● EXERCISE OBJECTIVE
In the entries below, find the line with "Florida: Mystery Man" and the line with "Wiosno, przyjdź już!". Return those two lines and all lines between them, exactly.

● PROVIDED ENTRIES
==================================================

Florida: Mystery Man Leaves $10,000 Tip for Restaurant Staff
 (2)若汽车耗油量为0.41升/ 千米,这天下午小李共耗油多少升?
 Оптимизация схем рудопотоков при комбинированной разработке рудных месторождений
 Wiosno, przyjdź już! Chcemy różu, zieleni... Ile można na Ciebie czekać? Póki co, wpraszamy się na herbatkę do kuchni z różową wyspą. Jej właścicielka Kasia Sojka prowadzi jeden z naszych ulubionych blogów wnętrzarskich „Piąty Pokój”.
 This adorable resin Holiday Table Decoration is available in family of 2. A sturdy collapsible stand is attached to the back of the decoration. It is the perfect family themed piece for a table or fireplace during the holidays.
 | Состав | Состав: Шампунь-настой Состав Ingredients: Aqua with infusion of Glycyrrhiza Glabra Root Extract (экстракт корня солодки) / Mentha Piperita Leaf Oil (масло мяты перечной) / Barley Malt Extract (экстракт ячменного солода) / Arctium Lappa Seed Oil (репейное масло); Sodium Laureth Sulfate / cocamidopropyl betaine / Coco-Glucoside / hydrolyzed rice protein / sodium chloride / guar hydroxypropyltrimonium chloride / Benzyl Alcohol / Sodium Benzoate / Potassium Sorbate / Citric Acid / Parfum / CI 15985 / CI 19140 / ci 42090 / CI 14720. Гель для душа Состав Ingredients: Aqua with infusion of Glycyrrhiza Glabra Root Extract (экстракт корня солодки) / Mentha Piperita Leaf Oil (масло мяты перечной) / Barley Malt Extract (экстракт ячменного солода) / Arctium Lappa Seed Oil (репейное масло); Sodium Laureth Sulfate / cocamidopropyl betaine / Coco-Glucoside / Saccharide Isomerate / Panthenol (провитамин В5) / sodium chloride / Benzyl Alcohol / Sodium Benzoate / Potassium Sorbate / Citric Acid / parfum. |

==================================================

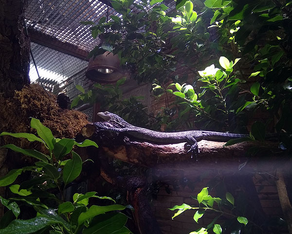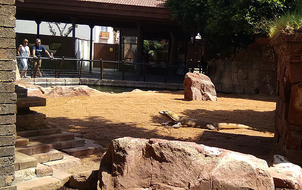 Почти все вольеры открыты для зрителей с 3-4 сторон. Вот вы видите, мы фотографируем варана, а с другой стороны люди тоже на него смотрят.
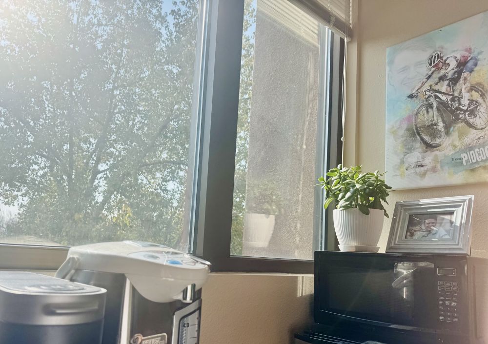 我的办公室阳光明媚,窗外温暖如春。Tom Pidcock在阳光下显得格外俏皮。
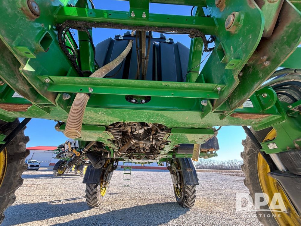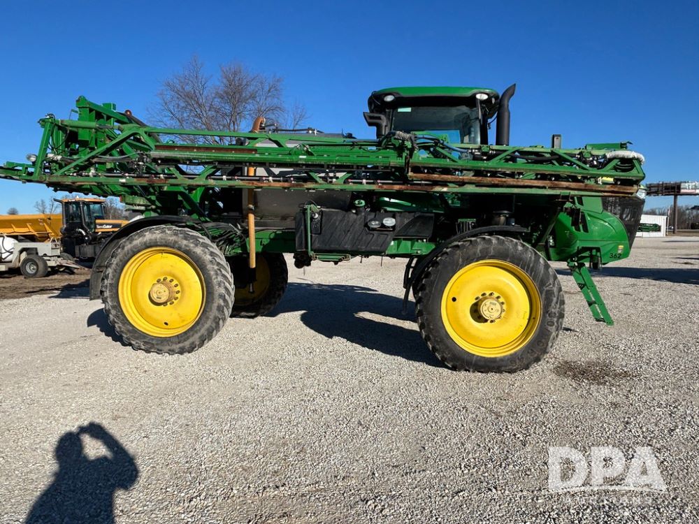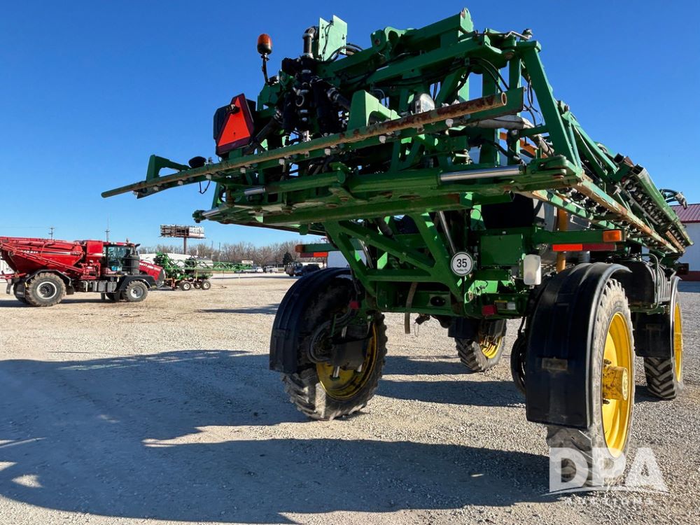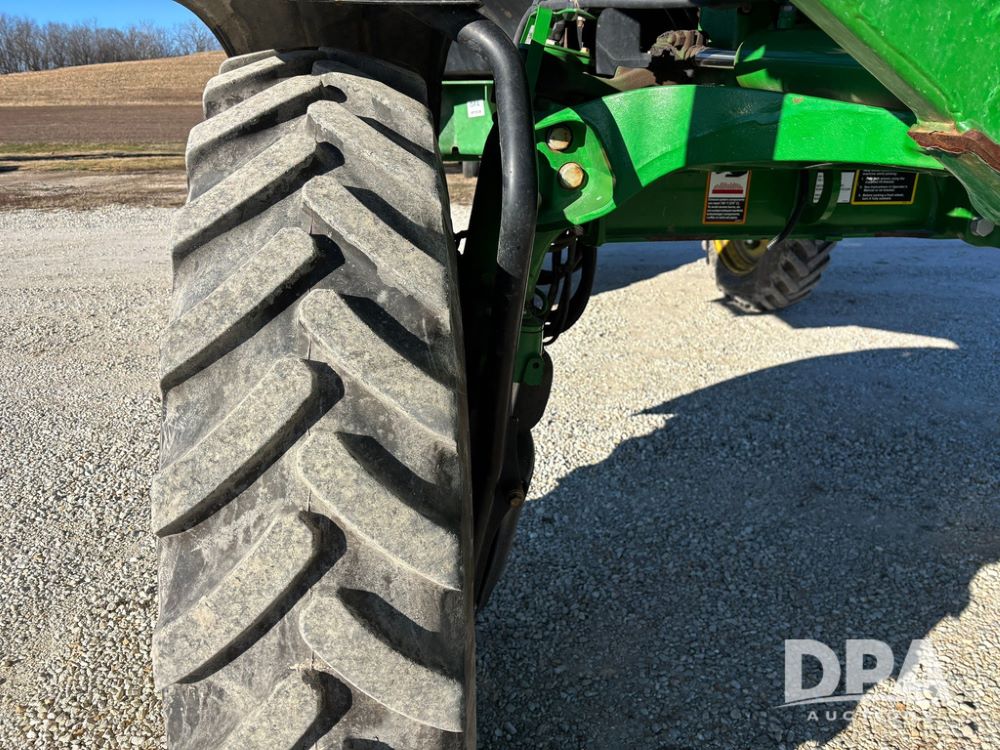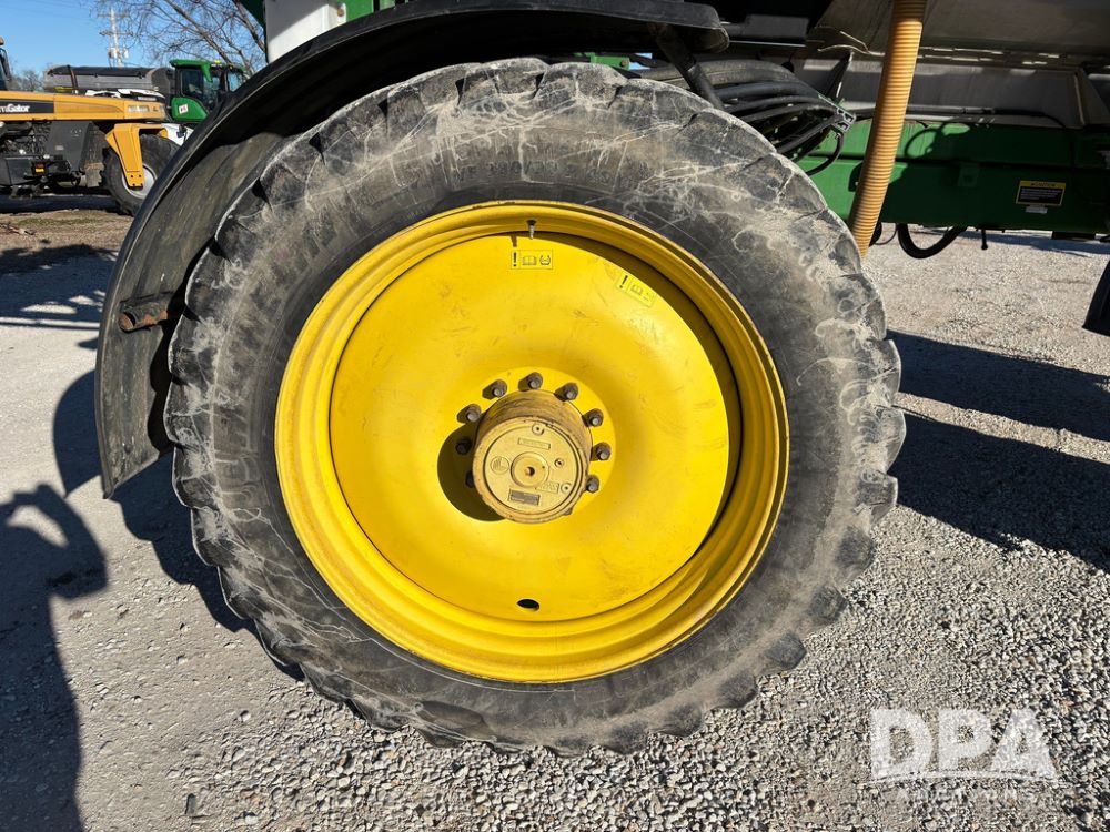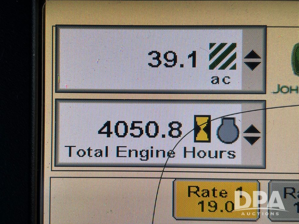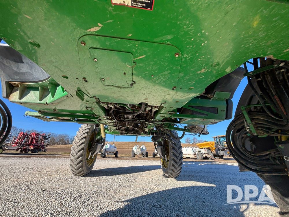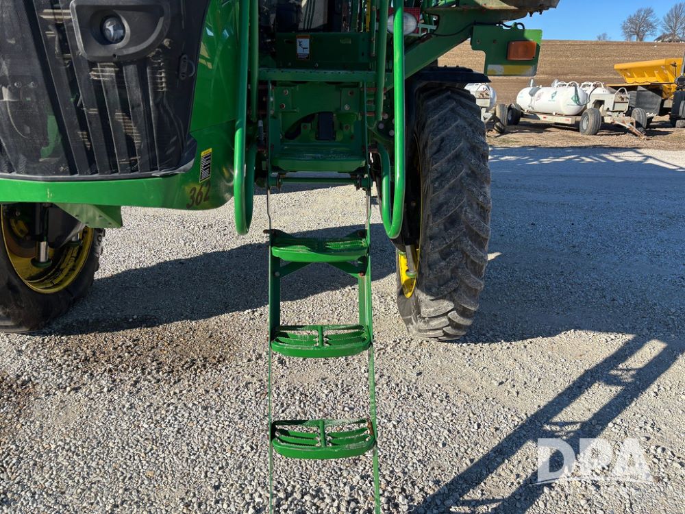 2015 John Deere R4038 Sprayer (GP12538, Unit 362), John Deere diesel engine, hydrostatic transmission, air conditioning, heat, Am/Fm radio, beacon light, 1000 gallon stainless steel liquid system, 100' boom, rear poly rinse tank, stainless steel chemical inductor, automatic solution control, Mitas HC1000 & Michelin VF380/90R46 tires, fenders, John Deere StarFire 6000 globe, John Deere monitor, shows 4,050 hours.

==================================================

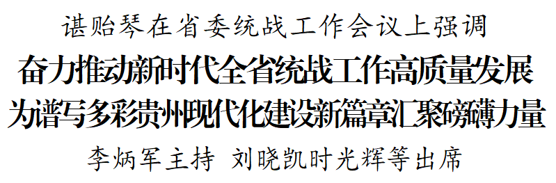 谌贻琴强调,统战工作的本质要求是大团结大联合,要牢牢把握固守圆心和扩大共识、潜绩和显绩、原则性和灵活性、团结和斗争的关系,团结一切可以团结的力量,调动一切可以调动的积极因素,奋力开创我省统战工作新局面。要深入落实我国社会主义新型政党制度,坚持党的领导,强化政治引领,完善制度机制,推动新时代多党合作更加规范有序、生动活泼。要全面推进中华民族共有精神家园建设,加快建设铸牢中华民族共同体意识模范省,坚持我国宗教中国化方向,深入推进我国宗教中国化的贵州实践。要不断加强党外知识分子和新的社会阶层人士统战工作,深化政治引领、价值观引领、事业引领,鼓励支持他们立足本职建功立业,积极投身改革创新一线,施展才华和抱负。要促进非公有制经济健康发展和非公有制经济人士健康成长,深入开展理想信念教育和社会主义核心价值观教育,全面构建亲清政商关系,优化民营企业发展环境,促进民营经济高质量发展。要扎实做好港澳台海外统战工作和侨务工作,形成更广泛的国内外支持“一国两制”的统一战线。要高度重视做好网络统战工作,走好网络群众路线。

==================================================

● ANSWER BOX
Florida: Mystery Man Leaves $10,000 Tip for Restaurant Staff
 (2)若汽车耗油量为0.41升/ 千米,这天下午小李共耗油多少升?
 Оптимизация схем рудопотоков при комбинированной разработке рудных месторождений
 Wiosno, przyjdź już! Chcemy różu, zieleni... Ile można na Ciebie czekać? Póki co, wpraszamy się na herbatkę do kuchni z różową wyspą. Jej właścicielka Kasia Sojka prowadzi jeden z naszych ulubionych blogów wnętrzarskich „Piąty Pokój”.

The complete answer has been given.